GRETNA, La. — You're more likely to find Dane Ciolino teaching the next generation of attorneys and judges at Loyola University Law School than arguing a case in court.

Wednesday, however, he arrived at the Fifth Circuit Court of Appeal in Jefferson Parish to argue an appeal on behalf of Ronald Gasser. He is the Gretna man convicted of manslaughter in the 2016 road-rage killing of former NFL running back Joe McKnight.

Ciloino said this case stood out so much, he and his students decided to take on this appeal themselves for free.

"Because the character evidence, and I teach evidence, was so egregious, was so prejudicial, that it never should have been a part of this trial," Ciolino said.
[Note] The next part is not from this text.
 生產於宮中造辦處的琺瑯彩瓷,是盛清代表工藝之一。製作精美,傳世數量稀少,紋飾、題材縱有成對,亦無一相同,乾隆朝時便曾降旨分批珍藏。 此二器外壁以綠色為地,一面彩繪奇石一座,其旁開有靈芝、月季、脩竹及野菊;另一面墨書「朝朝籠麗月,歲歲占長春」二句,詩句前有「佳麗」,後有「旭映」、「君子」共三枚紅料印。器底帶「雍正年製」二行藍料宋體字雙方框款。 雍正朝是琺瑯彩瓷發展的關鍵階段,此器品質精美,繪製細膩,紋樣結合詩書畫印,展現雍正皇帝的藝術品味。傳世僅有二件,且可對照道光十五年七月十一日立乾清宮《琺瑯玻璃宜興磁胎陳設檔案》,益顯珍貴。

Judge Ellen Shirer Kovach sentenced Gasser to 30 years in prison for the death of McKnight who was a high school football standout as John Curtis in River Ridge.
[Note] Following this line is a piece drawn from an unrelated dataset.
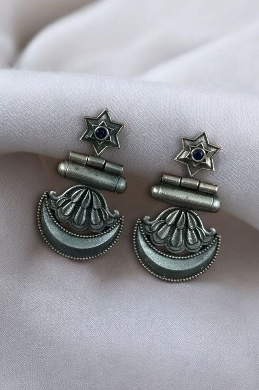Ethnic Star & Crescent Moon Designer Dangler Rustic Silver Oxidised Bohemian Earring Set for Girls

Gasser killed McKnight following a 5-mile long, rolling confrontation that began on the Crescent City Connection and ended at Behrman Highway and Holmes Boulevard in Terrytown.
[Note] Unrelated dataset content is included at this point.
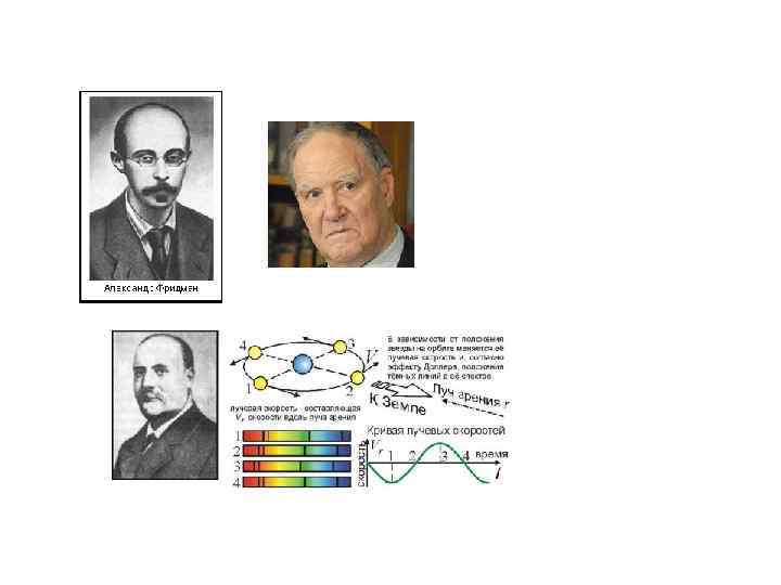 Теория большого взрыва Возможность расширения Вселенной была предсказана теоретически как одно из следствий применения к решению космологических проблем общей теории относительности. Первые труды в этой области принадлежат талантливому советскому математику Александровичу Фридману (1888— 1925). Он широко известен как геофизик-метеоролог, специалист по прикладным вопросам динамики атмосферы. Но много времени Фридман отдал математическому анализу решений космологических уравнений Эйнштейна. Незадолго до смерти Фридман получил серию решений уравнений Эйнштейна. Выходило, что расширение может явиться одним из основных общих свойств Вселенной — важнейшим атрибутом ее эволюции. Работы русского ученого поначалу не привлекли к себе должного внимания. Они были оценены по достоинству лишь в связи с открытием Э. Хабблом красного смещения и развитием современных представлений о первоначально горячей Вселенной и Большом Взрыве. В 1927 году Ж. Леметр, студент из Эддингтона, независимо от Фридмана выдвинул свою идею возникновения Вселенной и ее дальнейшего расширения из точки. Ей дали на некоторое время название «атома-отца» . Сам Леметр категорически был против подобного образа и вообще теологической трактовки своей теории. Процесс возникновения Вселенной Леметр представил в форме Большого Взрыва. Молодой ученый первым попытался найти и вероятные следы начального Взрыва. Леметр допускал, что таким отголоском могли быть космические лучи. Его гипотезу астрономы заметили лишь после выступления в 1933 году, когда Леметр выдвинул новый вариант концепции расширения Вселенной — из плотного сгустка материи конечных, но очень малых размеров. Задача формирования более конкретной, физически разработанной эволюционной космологокосмогонической модели расширяющейся Вселенной была решена в основном американским физиком Гамовым, русским по происхождению. Джордж (Георгий Антонович) Гамов (1904— 1968) впервые предложил в 1946 году теорию, получившую затем наименование «теории Большого Взрыва» (а точнее — «Большого Удара» ). Согласно ей, вся современная наблюдаемая Вселенная представляет собой результат катастрофически быстрого разлета материи, находившейся до того в сверхплотном состоянии, недоступном для описания в рамках современной физики. Удаление галактик подчиняется необычным математическим закономерностям. Оно происходит с различными скоростями. Чем больше расстояние между галактиками, тем выше оказывается скорость их взаимного удаления.

Professor Ciolino told a three-judge panel Gasser's conviction should be tossed.

He called trial testimony about Gasser's arrest for an alleged road-rage incident a decade earlier a "sneaky pile of prejudicial evidence."

"The minute those jurors heard in 2006 there was a similar incident at the same intersection I believe it was difficult for them to process the evidence that came in about this possible shooting," Ciolino said.

Prosecutor Darren Allemand argued the evidence showed intent and pattern of behavior.

"When (Gasser) has road-rage, he attacks somebody and claims self defense," Allemond told the judges ."The only difference here is somebody's dead."

Another major issue on appeal is the 10-2 jury verdict.

Last year Louisiana voters supported a state constitutional amendment requiring unanimous juries for all felony convictions.

The U.S. Supreme Court is already set to consider overturning a criminal conviction in a New Orleans murder case decided by a 10-2 jury vote.

"The elephant in the room is what's going to happen with this Gasser case if the U.S. Supreme Court does what everyone expects which is to find the 10 to 2 jury verdict to be unconstitutional, in violation of the Sixth Amendment," Ciolino said.

Prosecutors argue that the U.S. Supreme Court authorized non-unanimous jury verdicts prior to the law change in Louisiana. They also wrote in their appeal
response that "The defendant now raises this claim to preserve it for future review should the United States Supreme Court change it's mind."

The New Orleans case to be taken up by the high court involves convicted killer Evangelisto Ramos.

A jury found him guilty in 2016 of second-degree murder in the death of 43-year-old Trinece Fedison.

Her body was found stuffed inside a garbage can in Central City.

Ramos is serving a life sentence with no chance of parole.

Back in Jefferson Parish, Ciolino said he and his students are more than ready to appeal the Gasser case all the way to the Supreme Court if necessary.

The judges took Wednesday's arguments under advisement and are expected to render a decision at a later date.